前言

最近实习一直在弄爬虫相关的内容，顺便开个博客整理记录一下自己学习的过程，方便自己以后回顾。

当然如果恰好对你有帮助欢迎点赞~

需求：获取全国各省份的城市及辖区的人口、面积、行政区划代码及邮编

# selenium爬取省份名称
chrome_options = webdriver.ChromeOptions()
chrome_options.add_argument('headless')
driver = webdriver.Chrome(options=chrome_options)
url = 'http://xzqh.mca.gov.cn/map'
driver.get(url)
# 需要点击才显示出全部省份列表
button = driver.find_element_by_xpath('//*[@id="from2"]/table/tbody/tr/td[1]/select')
button.click()
# 此处踩坑 find_elements只能获取element对象 不可直接获取element的text
results = driver.find_elements_by_xpath('//*[@id="from2"]/table/tbody/tr/td[1]/select/option')[1:]
# 将text存入list
citys = []
for result in results:
    citys.append(result.text)
driver.close()

2、requests遍历爬取每个省份

#遍历爬取每个省份
for city in citys:
    print(city)
    # 对省份名称进行gbk编码
    city_s = urllib.parse.quote(city,encoding='gbk')
    url = 'http://xzqh.mca.gov.cn/defaultQuery?shengji={}&diji=-1&xianji=-1'.format(city_s)
    print(url)
    response = requests.get(url)
    result = etree.HTML(response.text)
    # 先获取省份下的所有地级市的名称及行政代码
    value = result.xpath('//tr[@class="shi_nub"]//td/input/@value') #地级市
    alt = ['-'] * len(value) #市辖区
    popu = result.xpath('//tr[@class="shi_nub"]//td[3]') # 人口
    area = result.xpath('//tr[@class="shi_nub"]//td[4]') # 面积
    code = result.xpath('//tr[@class="shi_nub"]//td[5]') # 行政区划代码
    mail = result.xpath('//tr[@class="shi_nub"]//td[7]') # 邮编

    # 再获取地级市下区级名称及行政代码
    value += result.xpath('//tr[@type="2"]//td/input/@value')
    alt += result.xpath('//tr[@type="2"]//td/input/@alt')
    popu += result.xpath('//tr[@type="2"]/td[3]')
    area += result.xpath('//tr[@type="2"]/td[4]')
    code += result.xpath('//tr[@type="2"]/td[5]')
    mail += result.xpath('//tr[@type="2"]/td[7]')
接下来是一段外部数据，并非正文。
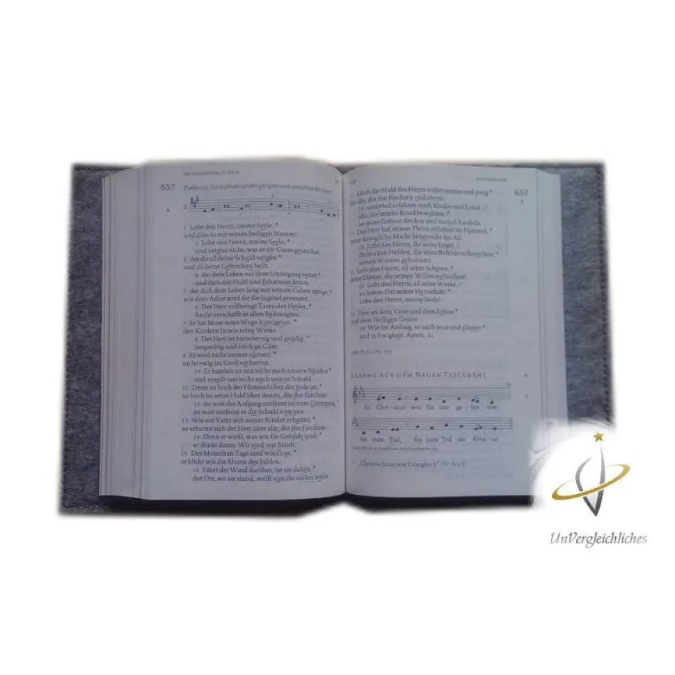 Die Filzhülle ist robust und langlebig und schützt das Gotteslob vor Schmutz und Beschädigungen. Dank des praktischen Designs ist das Gotteslob einfach einzulegen und herauszunehmen, und die Hülle kann auch während des Gottesdienstes verwendet werden.
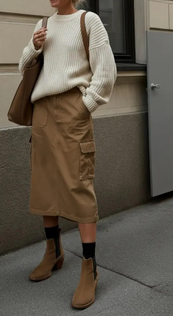 A chunky sweater balances comfort with structure when paired with a cargo midi skirt. Practical footwear and a structured bag keep the look polished and wearable for daily routines.

    # 将list中element对象的text取出
    for i in range(len(popu)):
        popu[i] = popu[i].text
    for i in range(len(area)):
        area[i] = area[i].text
    for i in range(len(code)):
        code[i] = code[i].text
    for i in range(len(mail)):
        mail[i] = mail[i].text

3、Pandas结果存入EXCEL

 # 创建Df对象 设置列名
    df = DataFrame(columns=['市','区','人口（万人）','面积（平方千米）','行政区划代码','邮编'])
    try:
        df['市'] = value
        df['区'] = alt
        df['人口（万人）'] = popu
        df['面积（平方千米）'] = area
        df['行政区划代码'] = code
        df['邮编'] = mail
        # print(df)
        df.to_excel('%s.xlsx'%city,header=True,index=False)
    except Exception as e:
        print (e)
        pass

4、数据示例

单元格内可能存在空格，自己调整一下就可以了

5、完整代码

# -*- coding: utf-8 -*-

"""
爬取全国城市、市辖区及其区划代码

问题描述：
使用python爬取民政部：http://xzqh.mca.gov.cn/map 中各省份城市数据
爬取内容将会以 Excel文件形式 保存在代码同一级目录中

使用须知：
【路径】：使用前请修改绝对路径

仅供学习参考，侵权删


"""
# 导包
import urllib.parse
import requests
from lxml import etree
from pandas import DataFrame
from selenium import webdriver

# selenium爬取省份名称
chrome_options = webdriver.ChromeOptions()
chrome_options.add_argument('headless')
driver = webdriver.Chrome(options=chrome_options)
url = 'http://xzqh.mca.gov.cn/map'
driver.get(url)
# 需要点击才显示出全部省份列表
button = driver.find_element_by_xpath('//*[@id="from2"]/table/tbody/tr/td[1]/select')
button.click()
# 此处踩坑 find_elements只能获取element对象 不可直接获取element的text
results = driver.find_elements_by_xpath('//*[@id="from2"]/table/tbody/tr/td[1]/select/option')[1:]
# 将text存入list
citys = []
for result in results:
    citys.append(result.text)
driver.close()

#遍历爬取每个省份
for city in citys:
    print(city)
    # 对省份名称进行gbk编码
    city_s = urllib.parse.quote(city,encoding='gbk')
    url = 'http://xzqh.mca.gov.cn/defaultQuery?shengji={}&diji=-1&xianji=-1'.format(city_s)
    print(url)
    response = requests.get(url)
    result = etree.HTML(response.text)
    # 先获取省份下的所有地级市的名称及行政代码
    value = result.xpath('//tr[@class="shi_nub"]//td/input/@value') #地级市
    alt = ['-'] * len(value) #市辖区
    popu = result.xpath('//tr[@class="shi_nub"]//td[3]') # 人口
    area = result.xpath('//tr[@class="shi_nub"]//td[4]') # 面积
    code = result.xpath('//tr[@class="shi_nub"]//td[5]') # 行政区划代码
    mail = result.xpath('//tr[@class="shi_nub"]//td[7]') # 邮编

    # 再获取地级市下区级名称及行政代码
    value += result.xpath('//tr[@type="2"]//td/input/@value')
    alt += result.xpath('//tr[@type="2"]//td/input/@alt')
    popu += result.xpath('//tr[@type="2"]/td[3]')
    area += result.xpath('//tr[@type="2"]/td[4]')
    code += result.xpath('//tr[@type="2"]/td[5]')
    mail += result.xpath('//tr[@type="2"]/td[7]')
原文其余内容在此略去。